Термин “инфламмасома” (inflammasome) был введен J. Tschopp и соавт. в 2002 г. для описания высокомолекулярного комплекса, присутствующего в цитозоле активированных иммунных клеток, опосредующего активацию провоспалительных каспаз [22]. Впоследствии были идентифицированы несколько различных инфламмасом, сборка каждой из которых продиктована уникальным паттерн-распознающим рецептором (pattern-recognition receptor, PRR) в ответ на патоген-ассоциированные молекулярные структуры (pathogen-associated molecular patterns, PAMP) или эндогенные стимулы в цитозоле клетки-хозяина (damage-associated molecular patterns, DAMP) [23].

Распознавание провоспалительного лиганда приводит к активации инфламмасомы, олигомеризации и рекрутированию адапторного белка, известного как ASC (adaptor molecule apoptosis-associated speck-like protein), который состоит из двух доменов: пиринового домена (pyrin domain, PYD) и домена активации и рекрутирования каспазы (caspase activation and recruitment domain, CARD).
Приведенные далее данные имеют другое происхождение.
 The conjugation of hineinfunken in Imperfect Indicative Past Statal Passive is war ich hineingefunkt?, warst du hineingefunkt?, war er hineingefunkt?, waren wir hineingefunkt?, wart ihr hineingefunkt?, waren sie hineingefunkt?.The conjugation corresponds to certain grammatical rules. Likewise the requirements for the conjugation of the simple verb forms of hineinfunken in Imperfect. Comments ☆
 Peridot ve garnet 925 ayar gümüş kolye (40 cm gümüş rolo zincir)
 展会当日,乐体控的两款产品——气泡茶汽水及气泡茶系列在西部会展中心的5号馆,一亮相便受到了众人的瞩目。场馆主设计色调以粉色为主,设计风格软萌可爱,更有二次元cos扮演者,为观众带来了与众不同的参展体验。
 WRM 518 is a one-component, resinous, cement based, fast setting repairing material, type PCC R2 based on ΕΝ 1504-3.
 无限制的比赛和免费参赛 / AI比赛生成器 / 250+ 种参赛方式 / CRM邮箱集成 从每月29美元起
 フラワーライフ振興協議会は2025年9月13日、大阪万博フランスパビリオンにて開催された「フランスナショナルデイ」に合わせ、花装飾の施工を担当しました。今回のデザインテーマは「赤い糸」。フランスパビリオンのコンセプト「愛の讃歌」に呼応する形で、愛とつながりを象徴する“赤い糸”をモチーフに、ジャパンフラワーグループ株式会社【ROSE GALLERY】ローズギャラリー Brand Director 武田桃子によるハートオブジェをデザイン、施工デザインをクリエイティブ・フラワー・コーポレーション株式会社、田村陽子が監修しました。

Эти домены позволяют адапторному белку соединять сенсорную молекулу инфламмасомы с каспазой-1. Автопроцессинг приводит к образованию каталитически активной– каспазы-1, которая инициирует последующие ответы, включая высвобождение интерлейкина-1β (IL-1β) и IL-18, и вызывает пироптоз ― запрограммированную гибель клеток, опосредуемую газдермином-D, притоком ионов натрия и воды, в результате которого происходит набухание клетки и разрыв мембраны, а также спонтанный выброс цитозольного содержимого во внеклеточное пространство. При активации инфламмасом каспаза-1 и другие неканонические каспазы (каспаза-4, каспаза-5 и каспаза-11) активируют газдермин-D, который впоследствии формирует поры в клеточной мембране. Благодаря им происходит секреция IL-1β и IL-18 во внеклеточное пространство, и одновременный приток Na+ и воды, вызывая набухание клеток и разрыв мембраны [24].

Инфламмасомы играют ключевую роль в защите организма от патогенов, однако их гиперактивация связана с развитием онкологических, аутоиммунных, метаболических и нейродегенеративных заболеваний.
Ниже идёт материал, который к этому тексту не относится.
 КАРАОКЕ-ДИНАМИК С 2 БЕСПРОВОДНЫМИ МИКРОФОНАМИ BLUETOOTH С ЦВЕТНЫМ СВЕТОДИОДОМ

Классификация инфламмасом основана главным образом на сенсорной молекуле – основном триггере, участвующим в их активации. Различные сенсорные молекулы инфламмасом имеют имеют схожую структуру и могут принадлежать к группе паттерн-распознающих рецепторов, способных реагировать на цитозольные патоген-ассоциированные молекулярные структуры (PAMP) или эндогенные стимулы (DAMP). К таким рецепторам относятся нуклеотид-связывающий домен и семейство рецепторов, богатых лейцином (nucleotide-binding domain, leucine-rich repeat containing, NLR), также в состав инфламмасом могут входить AIM2 (absent in melanoma 2-like) и пириновые рецепторы.
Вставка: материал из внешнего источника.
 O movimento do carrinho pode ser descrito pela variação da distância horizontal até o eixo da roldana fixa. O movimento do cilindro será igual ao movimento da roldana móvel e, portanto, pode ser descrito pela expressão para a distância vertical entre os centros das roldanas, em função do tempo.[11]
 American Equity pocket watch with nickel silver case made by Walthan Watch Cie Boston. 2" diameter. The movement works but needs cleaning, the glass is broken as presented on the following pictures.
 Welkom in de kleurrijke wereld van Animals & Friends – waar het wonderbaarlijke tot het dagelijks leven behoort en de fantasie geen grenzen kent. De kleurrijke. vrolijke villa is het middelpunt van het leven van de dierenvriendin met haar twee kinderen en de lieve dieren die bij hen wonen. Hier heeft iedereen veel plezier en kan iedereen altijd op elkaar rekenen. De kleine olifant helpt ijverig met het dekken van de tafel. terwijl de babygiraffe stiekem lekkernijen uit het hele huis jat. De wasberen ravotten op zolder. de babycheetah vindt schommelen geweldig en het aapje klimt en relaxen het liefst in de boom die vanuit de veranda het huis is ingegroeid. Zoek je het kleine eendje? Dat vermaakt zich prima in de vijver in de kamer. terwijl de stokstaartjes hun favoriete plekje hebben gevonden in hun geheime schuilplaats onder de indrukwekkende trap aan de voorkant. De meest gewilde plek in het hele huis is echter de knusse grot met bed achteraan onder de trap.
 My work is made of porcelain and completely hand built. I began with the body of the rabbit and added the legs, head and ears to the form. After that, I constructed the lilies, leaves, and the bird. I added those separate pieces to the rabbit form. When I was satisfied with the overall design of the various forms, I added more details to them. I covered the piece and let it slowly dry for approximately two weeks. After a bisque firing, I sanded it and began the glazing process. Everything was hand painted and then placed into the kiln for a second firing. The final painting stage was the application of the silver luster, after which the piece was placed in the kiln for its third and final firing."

В структуре инфламмасомы обычно имеются три основных компонента: цитозольный паттерн-распознающий рецептор, каспаза-1 и адапторный белок, опосредующий взаимодействие между ними. Как уже было упомянуто выше, рецептор может относиться либо к семейству белков NLR, либо содержащих пириновый или HIN (hematopoietic interferon-inducible nuclear protein)-домены AIM2 белок). NLR у человека кодируются семейством из 22 генов и содержат карбоксиконцевой домен, богатый лейциновыми повторами (leucine-rich repeat, LRR), консервативный центральный домен NACHT (domain present in NAIP, CIITA, HET-E, TP-1), который необходим для связывания нуклеотидов и олигомеризации белков, участвующих в образовании инфламмасом, а также вариабельный аминоконцевой домен, определяющий принадлежность к подсемейству NLR [25].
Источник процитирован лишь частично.